Payment Gateway Testing Simplified_ A Step-by-Step Guide for Beginners.pdf
Payment Gateway Testing Simplified_ A Step-by-Step Guide for Beginners.pdfPayment Gateway Testing Simplified_ A Step-by-Step Guide for Beginners.pdf
Payment Gateway Testing Simplified_ A Step-by-Step Guide for Beginners.pdf
 
%+27788225528 love spells in Boston Psychic Readings, Attraction spells,Bring...
%+27788225528 love spells in Boston Psychic Readings, Attraction spells,Bring...%+27788225528 love spells in Boston Psychic Readings, Attraction spells,Bring...
%+27788225528 love spells in Boston Psychic Readings, Attraction spells,Bring...
 
8257 interfacing 2 in microprocessor for btech students
8257 interfacing 2 in microprocessor for btech students8257 interfacing 2 in microprocessor for btech students
8257 interfacing 2 in microprocessor for btech students
 

Ire project - Entity Linking in Social Media

  • 1. Entity Linking in Social Media Project Number : 10 Group Number : 51 - Abhishek Mittal, 201101192 - Mohit Aggarwal, 201101164 - Vishrut Mehta, 201102128 - Himanshu Ghadiya, 201305620
  • 2. Overview ● The main aim of our project is to Link Entities in Social Media, i.e. extracting context and meaning of a sentence from a tweet and linking it to a wikipedia page for more understanding. ● In today’s world, Semantic understanding of Sentence is very important. Now, most of our conversation happens through social media, and its important to understand the meaning of those conversations, which is possible by linking named entities to their context. So we have taken tweets as our base to evaluate and test our method of entity linking by extracting context from tweets.
  • 3. Approach ● We extract named entities from the tweets using the CMU-ARK tagger . ● The named entities are then mapped to relevant news feeds in a particular time interval. ● We then extract the named entities from these news feeds and obtain a final collection of related entities that would contain sufficient information about that tweet. ● Corresponding to each entity, we find the Wikipedia Pages. ● We then find the labels for each wiki page in order to find their context and then finally map the tweets to that context. The classification task is done using SVM.
  • 5. Datasets We have used the following datasets for the project - ● A dataset of tweets. ● A dataset of news feeds from different news websites.

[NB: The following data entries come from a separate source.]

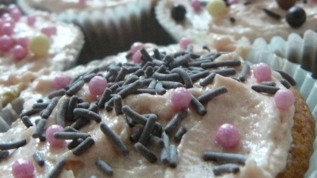 Etaler la crème au beurre sur les cupcakes refroidis avec le dos d'une cuillère ou à la poche à douille. Décorer avec les billes multicolore ou autre.
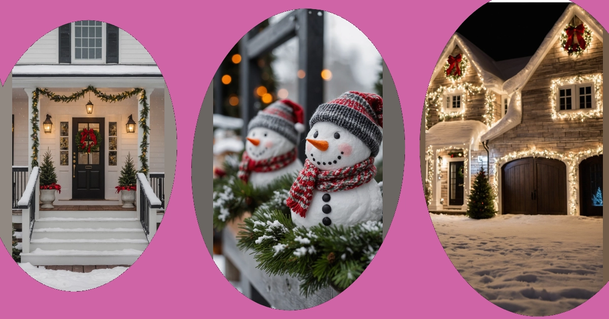 Walking up to this house must feel like stepping right into a Christmas card, especially with all that fresh snow making everything sparkle! The front porch is absolutely showing off with its fantastic outdoor Christmas decorations. Twinkling lights are woven through lush green garlands, practically hugging the pillars and the entryway, making you wonder if the elves had a contest for who could string the most festive lights without getting tangled. It’s so inviting, you almost expect to hear sleigh bells jingling or perhaps the faint sound of carolers whose boots haven’t quite made it up the snow-covered steps yet.
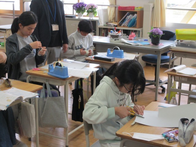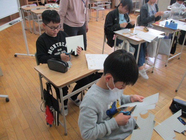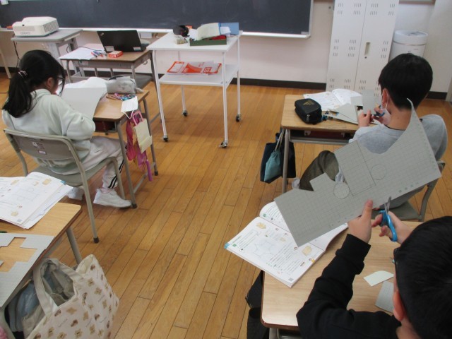 6年生が卒業し5年生だけになった教室では、5年生が真剣に、角柱や円柱の展開図を描き、切り抜いて立体をつくっていました。円柱は側面が底面の円の周りにきれいに貼り合わせるように正確に切り抜き、組み立てていました。

We have used the CBS News dataset. ● A 40 GB Wikipedia Dump as the training set for SVM. Right now, we have trained the SVM on only 5 GB of Wikipedia data. ● A predefined set of about 15 labels, that the tweets would be mapped to.
  • 6. Tools We have used the following tools for the project - ● CMR-ARK parser - To find named entities using mention detection from tweets. ● Stanford parser - To find named entities using mention detection on news feeds (as they are structured). ● Wikipedia Search API - To find wiki pages for a keyword. ● SVM - Libsvm - To find the context of the wiki page.
  • 7. Results ● We evaluated our system on a small dataset. We took about 200 tweets dated 10 January, 2014 and news feeds during all the 24 hours of that day. ● We then ran our algorithm to find the context of each tweet. After comparing the results with the labels we had manually assigned, we found the Accuracy to be around 37 percent. ● The low accuracy in outputs is mostly because of small training and testing datasets used for classification. When we train the SVM on 40 GB of Wikipedia dataset, we are confident of achieving a good accuracy.
  • 8. Challenges and Issues ● Feature Selection for SVM was a major challenge. We would have to choose such feature vectors that would give maximum accuracy during classification. ● Training SVM on 40GB of Wikipedia is a major challenge. ● Right now, we have taken only 15 labels for classifying the tweets. Increasing the number of labels would make the algorithm more computation intensive. Scaling this system for bigger datasets and more contexts would require more optimizations.